京都西郊,鐘家書房。
夜色已深,黃花梨木書案上的臺燈,光線被刻意調暗了三分,只勉強勾勒出鐘鳴沉靜的側影。他靠在那張年代久遠的藤椅里,手里捏著一份薄薄的內部通報,紙張邊緣幾乎要被他手指的溫度熨平。
鐘小艾坐在對面,屏息凝神。她能感覺到,今晚父親要談的,絕非尋常。
“丁義珍跑了。”鐘鳴終于開口,聲音不高,卻像一塊冰冷的鐵,砸在寂靜的空氣里。“最高檢繞過漢東省院直接行動,布置不能說不周密,可人還是從京州的酒樓,大搖大擺上了飛往洛杉磯的飛機。秦局長親自坐鎮,臉丟大了。”
他頓了頓,將那份通報輕輕推過桌面:“跑的不是一個人,是一把鑰匙。初步掌握的情況,這個丁義珍,和趙瑞龍的那個山水集團,往來切割不清。光明湖項目,有多少油水流進了山水集團的口袋?又有多少,通過這個集團,轉去了別處?丁義珍是經手人,也是活賬簿。現在,賬簿自己長翅膀飛了。”
鐘小艾拿起通報快速掃了幾眼,心頭凜然。涉及趙瑞龍,這就不是簡單的副市長貪腐,而是直接指向了趙立春最敏感的家事。
“丟鑰匙是其一,”鐘鳴繼續道,目光落在女兒臉上,“你們家亮平,最近在總局,是不是覺得腳下發虛,四處碰壁?”
鐘小艾苦笑:“爸,您何必明知故問。他辦了趙德漢,表面風光,內里……那趙德漢坐在全國礦產資源審批的關口上那么多年,經他手的礦權、配額,背后是多少省份、多少山頭、多少人的錢袋子?案子辦得越鐵,得罪的人就越廣,越深。現在,別說辦案,他在偵查處,都快成透明人了。以前稱兄道弟的,現在繞著走;該他參與的會,名字都會被‘無意’漏掉。再待下去……”
“不是待不下去,”鐘鳴替她把話說完,語氣斬釘截鐵,“是他已經成了某些人眼中必須挪開的絆腳石,也是鐘家此刻一個略顯尷尬的顯眼標記。留在京都,于他,是困獸猶斗;于鐘家,是授人以柄。”
“那您的意思是?”
“讓他去漢東。”鐘鳴吐出這四個字,仿佛早已權衡過千百遍。
“漢東?”鐘小艾身體微微前傾,“那里現在……丁義珍剛跑,風聲鶴唳,而且省檢察院……”

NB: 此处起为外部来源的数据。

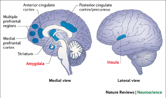 Seperti yang dapat dilihat pada gambar diatas, Amygdala adalah bagian otak yang berada di bagian tengah depan. Penelitian-penelitan dengan menggunakan MRI Scan menunjukan jika bagian ini aktif ketika kita merasa takut. Sementara, insula yang terletak di bagian belakang dan samping diketahui berhubungan dengan rasa empati.
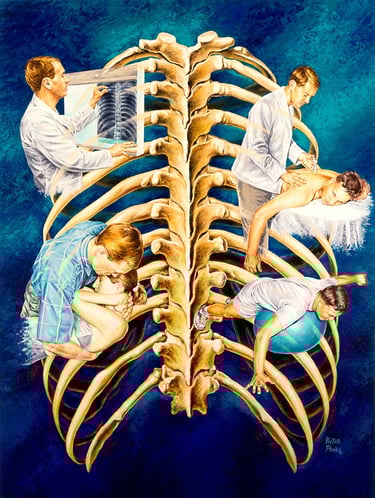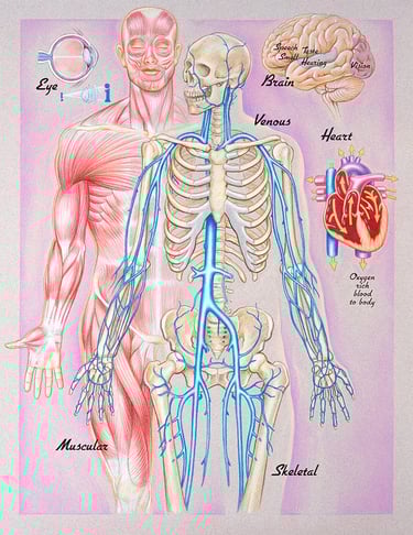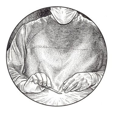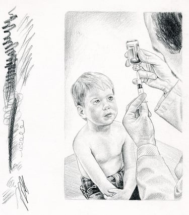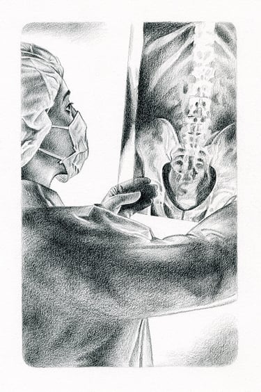 Drawings & paintings of highly detailed medical illustrations, created in 1989-1996 at a teaching hospital in Ft Bliss (El Paso) Texas. These were published in Medical Journals, introduced as evidence for court cases and used in teaching environments.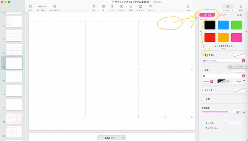 オリジナルリフィル作成に必要な道具です。この記事ではMacのPagesを使って作ります。iPhoneやiPadのPagesでもできるかどうかは確認していませんのでご了承ください。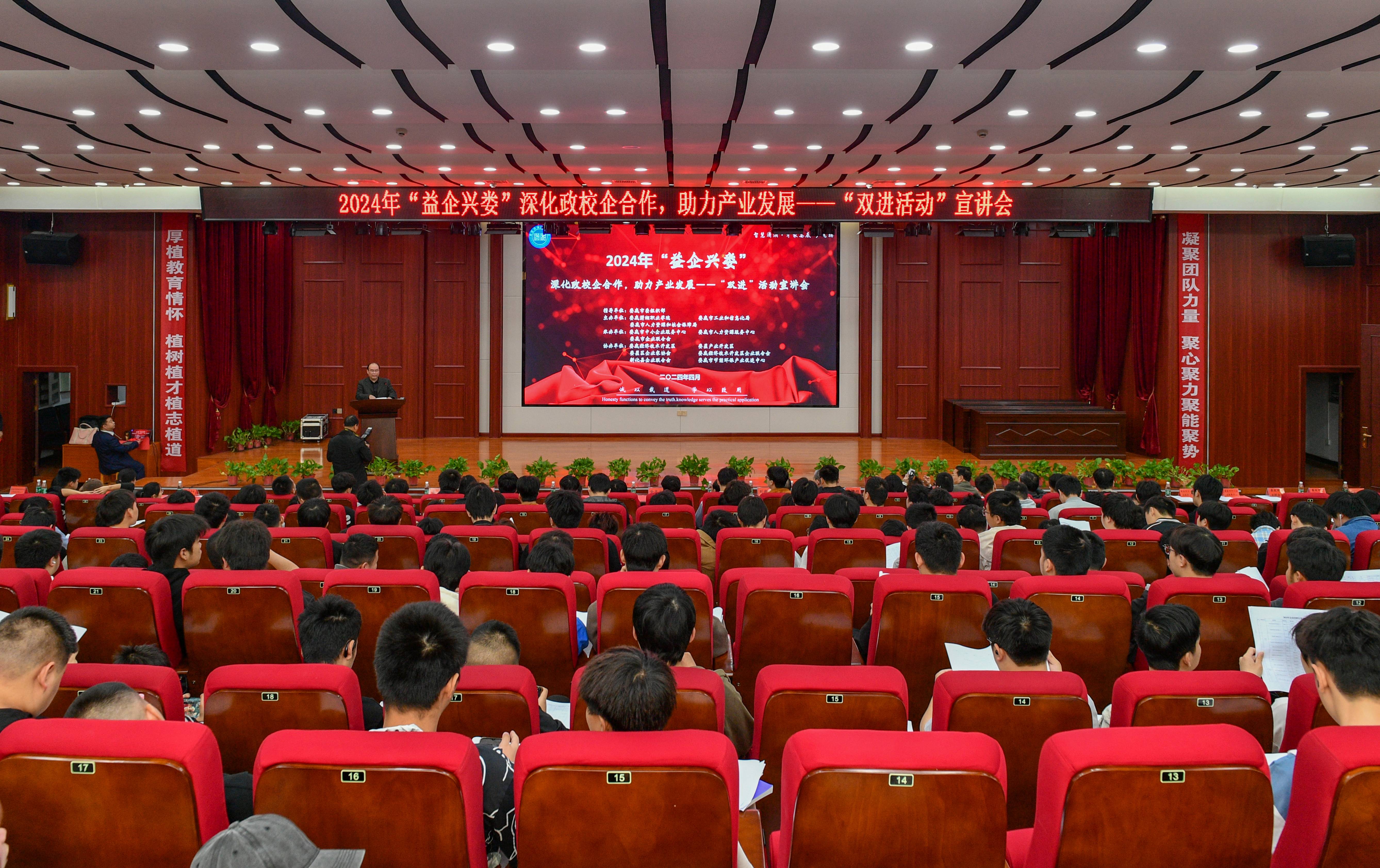 為深入推進校企人才供需對接,4月12日,婁底市2024年“益企興婁”深化政校企合作,助力產(chǎn)業(yè)發(fā)展——“雙進”活動宣講會走進婁底瀟湘職業(yè)學院。此次活動由婁底瀟湘職業(yè)學院、婁底市工業(yè)和信息化局、婁底市人力資源和社會保障局聯(lián)合主辦,婁底市中小企業(yè)服務中心、婁底市人力資源服務中心、婁底市企業(yè)聯(lián)合會承辦,婁底經(jīng)濟技術開發(fā)區(qū)管委會、婁星產(chǎn)業(yè)開發(fā)區(qū)、婁底經(jīng)濟技術開發(fā)區(qū)企業(yè)聯(lián)合會、新化縣企業(yè)聯(lián)合會、市節(jié)能環(huán)保產(chǎn)業(yè)促進中心協(xié)辦。市老領導余明庭出席活動。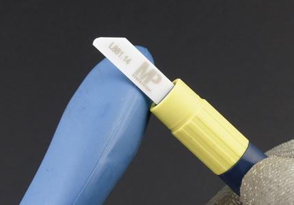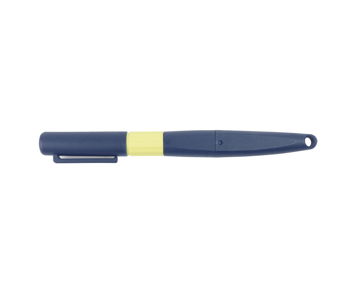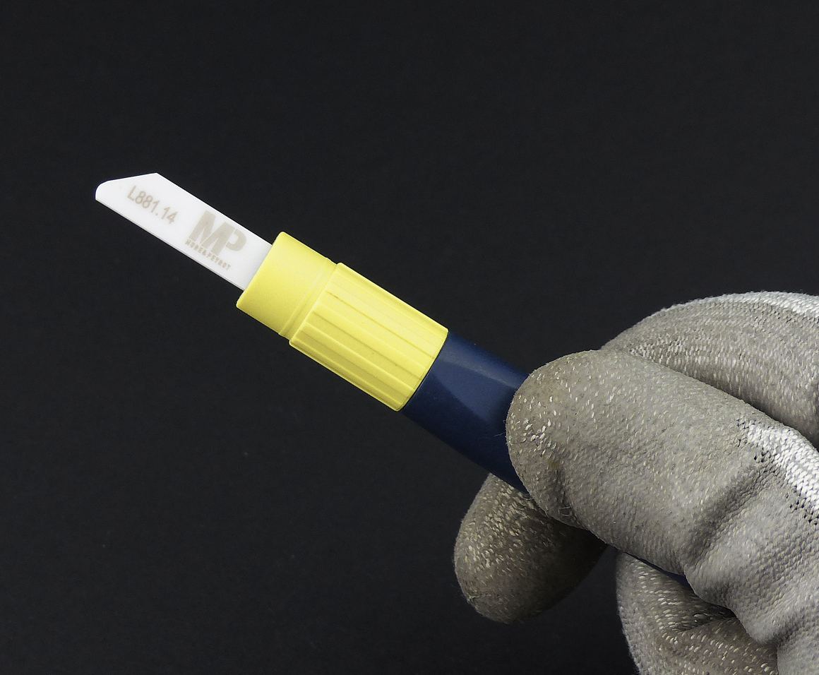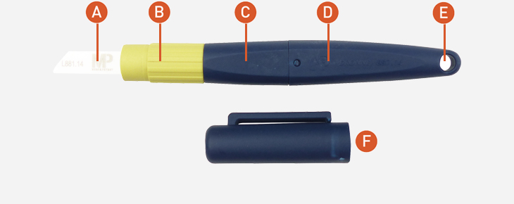 A : Unsharpened ceramic blade. B : Blade clip ring. C : Non-circular section that prevents it from rolling. D : Blade reserve possible. E : Can be hung from the Zicou

“正是因為風聲鶴唳,才需要新的破局之人。”鐘鳴打斷她,眼神銳利起來,“沙瑞金在漢東,手里缺刀。反腐反腐,沒有一把鋒利且聽他指揮的反貪利劍,他拿什么去割那些盤根錯節的瘤子?漢東省檢察院,剛經歷一場大地震。季昌明判了,反貪局從根子上爛過,現在雖然由最高檢直接委派了新的檢察長過去主持重建,但這個新攤子,要完全理清、要真正為沙瑞金所用,需要時間,更需要一個能打破當地沉悶局面的外力。”
他拿起茶杯,抿了一口已經微涼的茶水:“最高檢也需要一個姿態,丁義珍在我們手里跑掉,這個面子必須找回來。派一個得力干將過去,專職督辦丁義珍外逃背后的瀆職、泄密乃至可能的保護傘問題,名正順。亮平,合適。”
“他有能力,有辦大案尤其是經濟案件的經驗,沖勁足,這是沙瑞金需要的‘刀鋒’。他是最高檢反貪總局的處長,這個身份去,代表的是最高檢察機關的意志和決心,分量足夠。而他,”鐘鳴看著女兒,話里有話,“還是我鐘鳴的女婿。這層關系,沙瑞金會明白其中的含義。這是一種無聲但有力度的支持。”